To assess the rate of decline in pulmonary function in Duchenne muscular dystrophy (DMD) before and after posterior spinal fusion for scoliosis.

OBJECTIVE:

To compare the rate of respiratory decline using percent normal forced vital capacity (%FVC) measurements before and after posterior spinal fusion.

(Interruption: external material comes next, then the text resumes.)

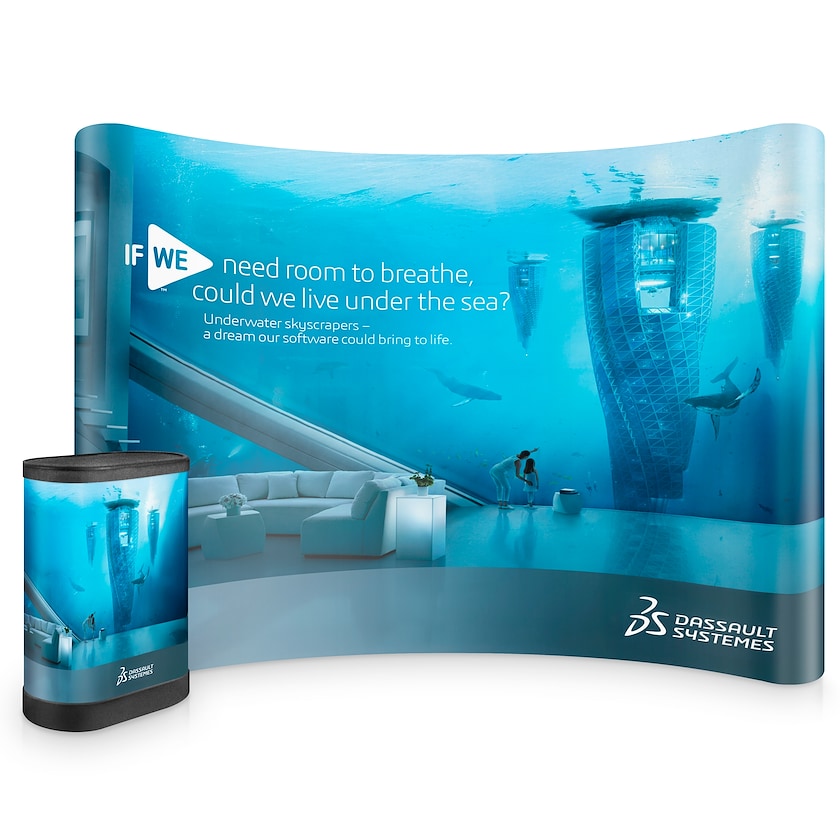 Set med mässvägg Pop Up Large, mässbord samt belysning. Mässväggen har en vackert välvd form. Montering kan göra av endast en person och kräver inga verktyg. Tyget fästs med hjälp av magnetremsor. Priset inkluderar tryck på båda mässväggen och mässbordet. Mässväggen trycks på framsidan samt på dess båda kortsidor. Mässbordet är försett med hjul och fungerar även som förvaring.

SUMMARY OF BACKGROUND DATA:

Posterior spinal fusion for scoliosis is used widely in DMD, although the long-term pulmonary effects have not been well established.

METHODS:

Fifty-six patients were assessed. Percent forced vital capacity was the outcome parameter with data analysis using a mixed-model repeated-measures ANOVA and paired t tests. Group 1: Inclusion criteria were a diagnosis of DMD, 2 or more pulmonary function tests presurgery, and 2 or more postsurgery. Group 2: The rates of respiratory decline before and after spinal fusion for the whole study population were determined by within-subjects mixed-model regression analysis to account for the varying number of FVC studies between patients and unequal spacing between tests.

RESULTS:

Group 1: 20 patients. Mean length of time of respiratory value determination was 2.5 +/- 1.0 years presurgery and 5.6 +/- 2.8 years postsurgery. Mean rate of decline presurgery was 8.0% +/- 4.1% per year, which decreased to 3.9% +/- 1.9% per year postsurgery (paired t test = 4.58, P < 0.0001). Group 2: 56 patients. The respiratory value determinations ranged from 4 years presurgery to 8 years postsurgery. The rates of respiratory decline based on the whole study population were 4% per year presurgery, which decreased to 1.75% per year postsurgery (F-test comparison of slopes = 19.71, P < 0.0001).

CONCLUSIONS:

Posterior spinal fusion for scoliosis in DMD is associated with a significant decrease in the rate of respiratory decline postsurgery compared with presurgery rates.